Latar belakang keputusan ini dimulai setelah terbunuhnya Khalifah Utsman pada 17 Juni 656. Meskipun berkuasa selama 12 tahun dan enam tahun pertamanya berjalan baik, situasi mulai memburuk seiring bertambahnya usia dan meluasnya kekuasaan Islam di luar jazirah Arab. Ketidakpuasan mulai muncul di kalangan masyarakat, dan pada akhirnya, Utsman dibunuh oleh pemberontak saat membaca Al-Qur’an di rumahnya.
Setelah pembunuhan tersebut, pemberontak dari Mesir menguasai Madinah selama lima hari. Jenazah Utsman baru bisa dimakamkan setelah tiga hari, dan bukan di dekat kuburan Nabi atau dua khalifah sebelumnya. Pada 24 Juni 656, Imam Ali dibai’at menjadi Khalifah keempat, meskipun sebelumnya ia menolak pemilihan tersebut.
Namun, tantangan segera muncul. Banyak sahabat Nabi yang berada di luar Madinah merasa tidak terwakili dalam pemilihan Imam Ali. Di antara mereka adalah Thalhah dan Zubair yang bergerak ke Mekkah. Siti Aisyah, istri Nabi, juga tinggal di Mekkah dan meminta penegakan keadilan terhadap pembunuh Utsman.
Imam Ali berusaha untuk menenangkan situasi, tetapi keengganannya untuk memenuhi tuntutan tersebut memicu tuduhan bahwa ia terlibat dalam pemberontakan yang mengakibatkan kematian Utsman. Thalhah, Zubair, dan Siti Aisyah kemudian bergerak ke Basrah untuk melawan Imam Ali.
Di Basrah, pasukan Khalifah Ali berjumlah 20 ribu, sedangkan pasukan Siti Aisyah mencapai 30 ribu. Pertempuran terjadi dan banyak umat Islam dari kedua belah pihak yang tewas, termasuk Thalhah dan Zubair. Setelah peperangan berakhir dengan kemenangan untuk Imam Ali, Siti Aisyah dikawal kembali ke Madinah dengan penghormatan.

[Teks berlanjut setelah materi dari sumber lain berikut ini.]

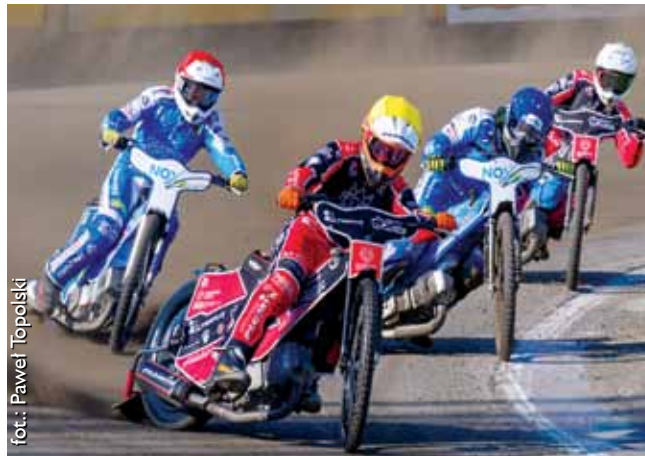
Zawody żużlowe w Tarnowie
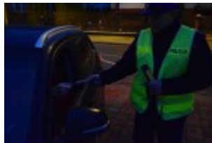
Policjanci drogówki podczas akcji "Twoje światła - Twoje bezpieczeństwo"
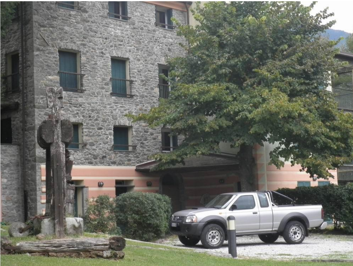
fronte sud - ovest
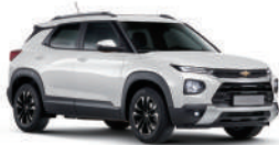
스노우 화이트 펄 (GP5)
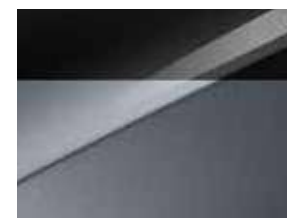
Gris Perle / Toit Noir (HA5)
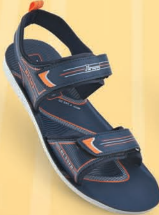
Model No. 8842
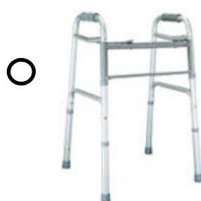
MARCHETTE NON PLIANTE
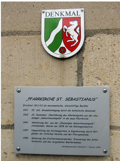
Denkmalplakette und eine Informationstafel an der Sankt Sebastianuskirche in Grevenbroich-Hülchrath (2014).
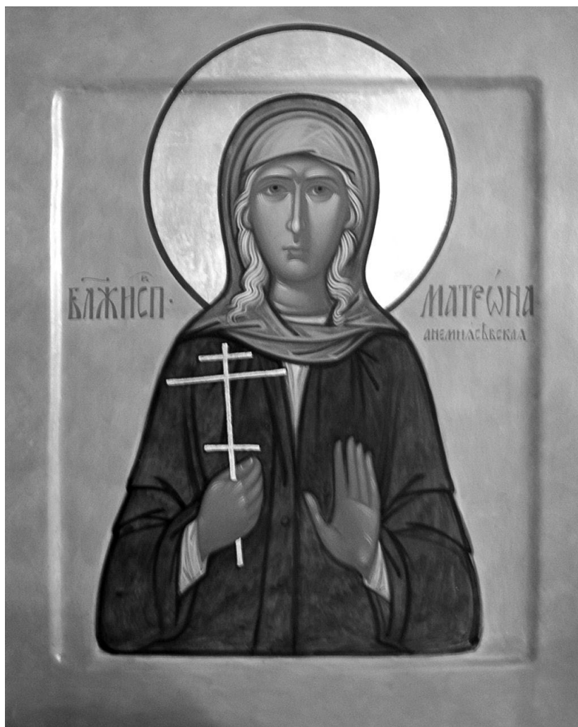
Блаженная исповедница Матрона Анемнясевская
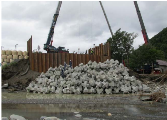
△道路洗掘防止工完了(H28.9.5)

Kondisi Madinah saat itu masih tidak stabil, dengan pendukung Utsman yang belum reda. Kembali ke Madinah bukanlah pilihan yang tepat bagi Imam Ali, begitu pula dengan Damaskus yang dikuasai Mu’awiyah dan Mekkah yang juga tidak aman karena Siti Aisyah berusaha memobilisasi dukungan dari sana.

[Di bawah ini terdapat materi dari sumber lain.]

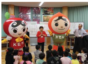
▲人権イメージキャラクター “あゆみちゃん”と“まもるくん”
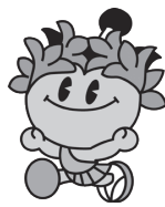
棚倉町シンボルキャラクター「たなちゃん」
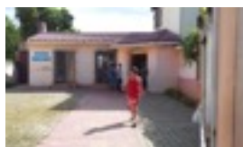
LAVAR, PLANCHAR, TEÑIR
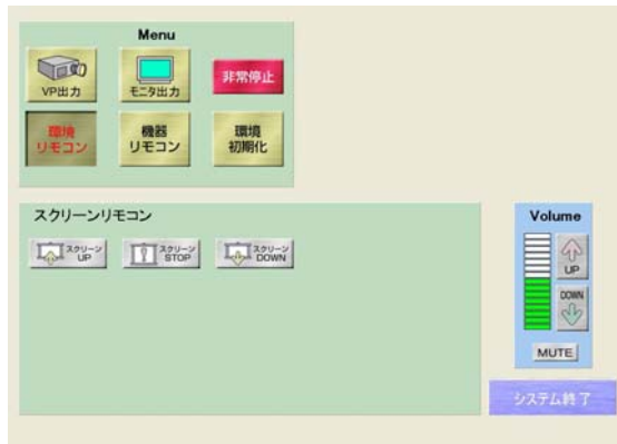
環境リモコン画面（スクリーン）

プロジェクターやモニターに出力する映像切り替えの他に、DVDやVHS等の機器リモコン・スクリーンや照明等の環境リモコンをタッチパネルから行うことができます。
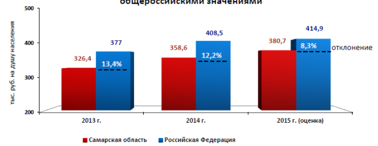
Сравнение среднедушевого ВРП Самарской области с общероссийскими значениями
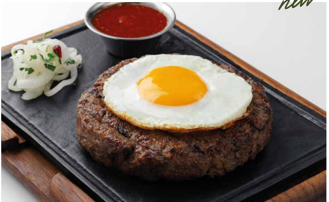
Бифштекс из мраморной говядины 980 | 260 гр.
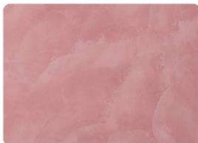
Toscana / Tuscan
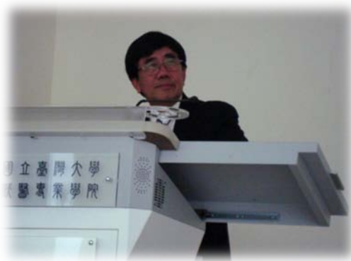
游正博博士親臨演講
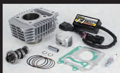
ハイパーeステージボアアップキット143cc
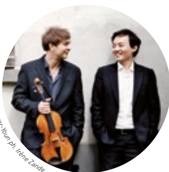
Mönkemeyer-youn ph. Irène Zande

Oleh karena itu, Imam Ali memutuskan untuk menetap di Kufah dan memindahkan ibu kota ke sana. Keputusan ini tidak hanya didasarkan pada situasi politik saat itu tetapi juga sebagai upaya untuk menjaga kesucian Madinah dari intrik politik. Pemindahan ibu kota ke Kufah memungkinkan Imam Ali untuk memisahkan simbol agama dari persoalan politik yang kian rumit.

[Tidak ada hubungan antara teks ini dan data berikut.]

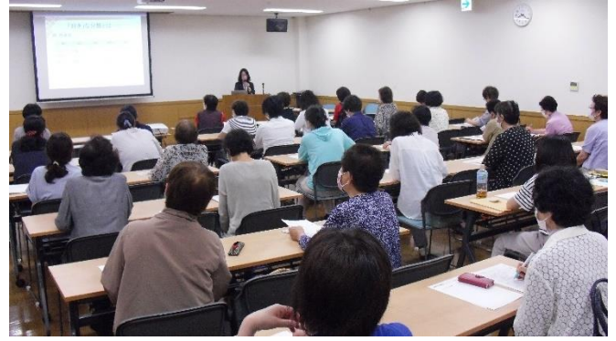
<身につまされることばかり よくおわかいで>
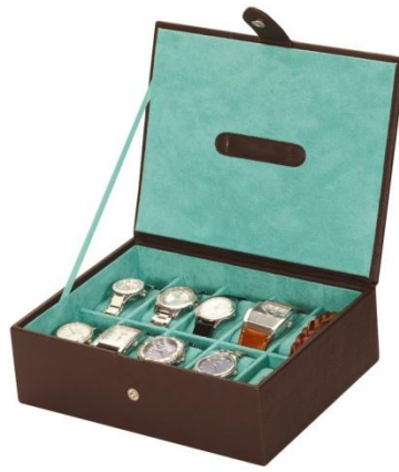
1522 WATCH BOX
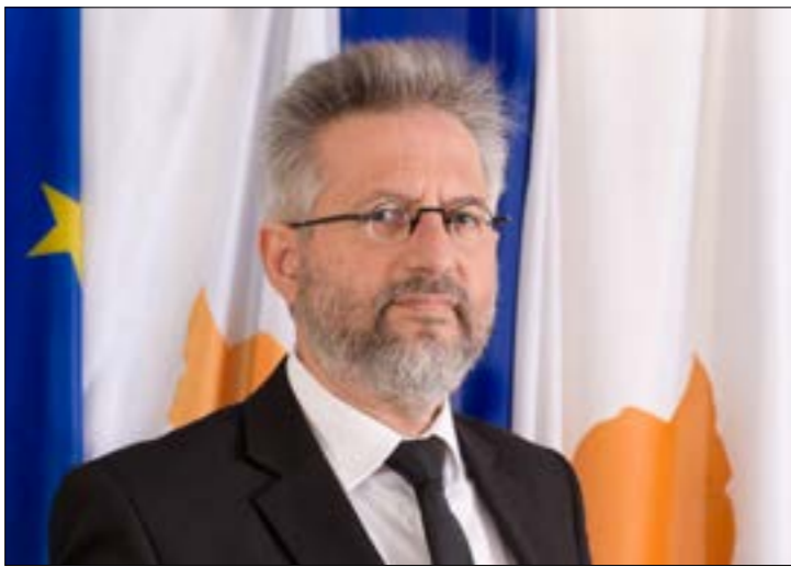
مدير الاستخبارات القبرصية تاسوس تزيونيس (من اليمين)

وزير خارجية قبرص تواصل مع بو حبيب، وترقب زيارة مدير المخابرات لبيروت قريباً
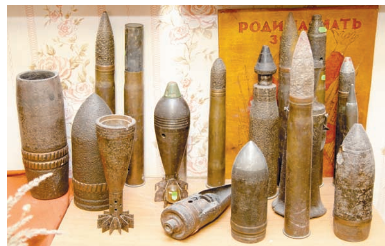
Сбор брошенных на полях сражений боеприпасов активно велся еще в 1941 году, но до сих пор снаряды то и дело находят тульские поисковики

Перед нами – оперативно-разведывательная сводка за 27 декабря сорок первого. В ней сообщается о деятельности группы 73-го полка, который в Ефремове подбирал вооружение, брошенное отступающими фашистами. А они оставили после себя богатое фронтовое наследие: пушку и 330 снарядов к ней, пару велосипедов, мотоцикл. Все это потом шло на переплавку или же в действующую армию. Главной задачей тогда было предотвращение фактов «растацилировки» и подрывов. Существовало также опасение, как бы трофеи не перекочевали в руки преступных элементов. Надо сказать, что в условиях неразберихи, паники, активных боевых действий многое в лесах и на полях оставалось и от бойцов Красной армии. Например, добавлением к немецким трофеям послужили дюжина отечественных драгунских винтовок, 15 противотанковых гранат и пятюк гранат РГД-33, а также 11 противогазов... Все артиллерийское имущество было сдано начальнику гарнизона города на Красивой Мече, а вот пять «эргэдшек» личный состав полка оставил для себя. Видимо, солдаты отлично знали, как обращаться именно с этими боеприпасами, поэтому и решили: пусть уж
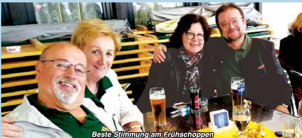
Beste Stimmung am Frühschoppen

e in buntes und abwechslungsreiches Programm erwartete die Besucher des 57. Bundesverbandstags, den die Fachsingsgilde Köflach von 17. bis 19. Mai ausrichtete. Neben der offiziellen Verbandstagung standen Besuche der Glasbläserei Bärnbach und des Lipizzanergestüts Piber ebenso auf dem Programm wie ein typisch steirischer Hüttenabend, ein eleganter Galaabend sowie ein zünftiger Frühschoppen. Unseren steirischen Freunden ein herzliches Danke für die gelungene Tagung!
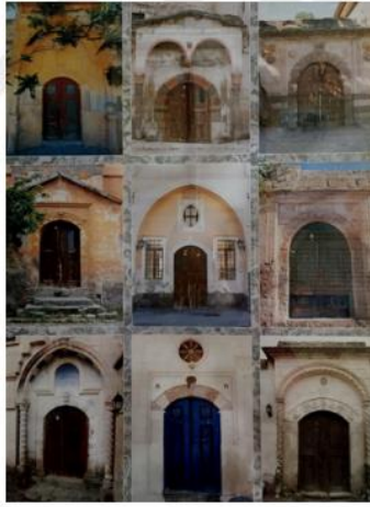
Şekil 4. Sinasos Kapıları

Estetik olgusu göreceli ve tartışmaya açık bir kavramdır. Bu sebeple birçok kesime göre bu değer değişiklik göstermektedir. Bu konuda bilirkişiler tarafından yapılmış çeşitli değerlendirmeler mevcuttur. Birçok kaynakta belirtildiği gibi bu ölçüt için yapı ve çevrelerinin güzel olması özelliği esas alınmaktadır. Nesnel bir değerlendirme olmamakla birlikte her zaman tartışmaya açık bir konudur. Değişebilir bir ölçüt olması ile birlikte, konusunda uzman kişiler tarafından değerlendirme yapılması her zaman daha doğru kabul edilmektedir.
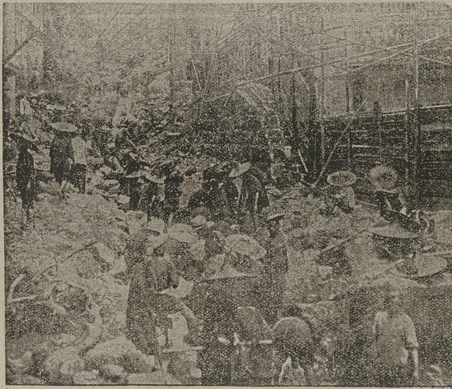
Japonja dotknięta znów została trzęsieniem ziemi. Miasto Komatsuzaki legło całe niemal w gruzach. Zdjęcie, przesłane drogą radiową przedstawia jedną z ulic, zasypaną rumowiskiem i szczątkami spicętów.
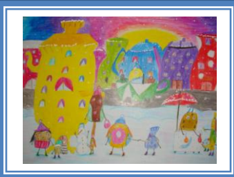
«Солодке королівство» (кольорові олівці)
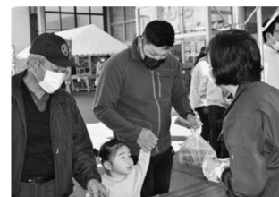
▲焼きそばをお持ち帰りどうぞ
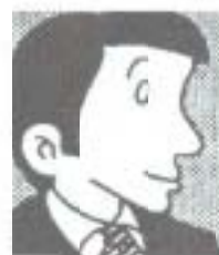
海・山・川の レクリエーション

担していくことが大切ですね。まもる君・高知市には都市的なサービスのニーズに応えてもらうため、高次の都市機能をより一層高めてもらおう。つまり、鉄道高架による南北交通の円滑化、高知駅周辺の市街地再開発で新たな都市拠点をつくり、中核都市としての機能を高めてもらうこと。
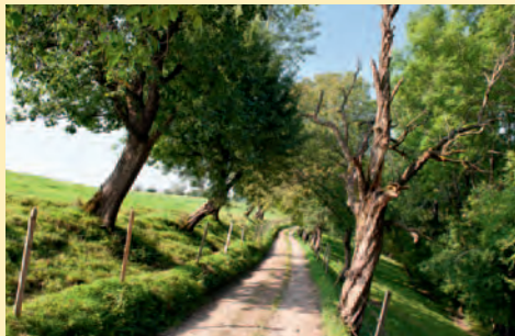
Die Streuobstwiesen in Gestratz-Altensberg beherbergen viele alte robuste Bäume, aber auch Totholz und junge Bäume säumen den Weg.

Der Herbst zeigt sich dann als Jahreszeit der Fülle: In manchen Jahren biegen sich die Äste unter der Last der reifen Äpfel, Birnen und Zwetschgen. In den Streuobstwiesen wird emsig gearbeitet und die Obstbauern bringen mit ihren Helfern die reiche Ernte ein. Bevor die kalte Jahreszeit beginnt, bereiten uns die Hochstämme noch ein besonderes Farbenspiel. Ihre Blätter verfärben sich in den schönsten Farben. Schließlich fällt das welke Laub zu Boden und die Obstgärten fallen in einen tiefen Winterschlaf.
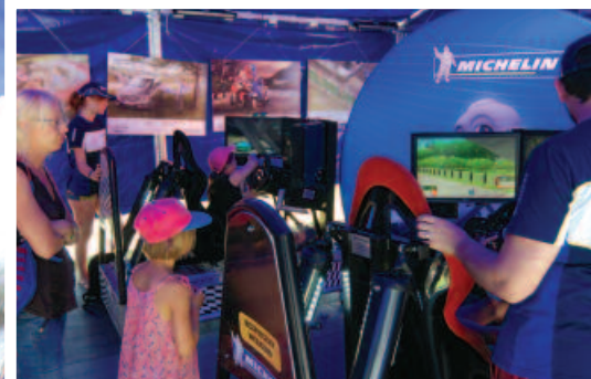
Panel edukacyjny dotyczący bezpiecznych zachowań na drodze podczas Nocy Naukowców
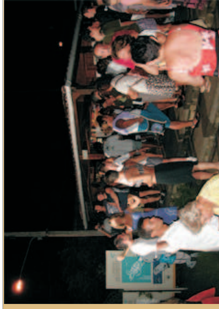
Figura 32 - Movimentação noturna de turistas no Centro de Visitantes do Projeto TAMAR em F.Noronha.
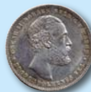
Norge 1/2 speciedaler 1873 181.000:-

Bättre mynt och hela samlingar mottages till vårens kvalitetsauktion.

Dengan memindahkan ibu kota ke Kufah, Imam Ali menjauhkan pusat pemerintahan dari potensi konflik yang dapat mencemari kesucian kota-kota suci seperti Mekkah dan Madinah. Empat bulan setelah pemindahan tersebut, perang saudara kedua pecah antara pasukan Mu’awiyah dan pasukan Khalifah Ali di Shiffin. Namun, Mekkah dan Madinah tetap aman dari konflik.
Keputusan Imam Ali untuk memindahkan ibu kota ke Kufah adalah langkah strategis yang bertujuan melindungi kesucian tempat-tempat suci umat Islam dari dampak politik yang tidak menentu.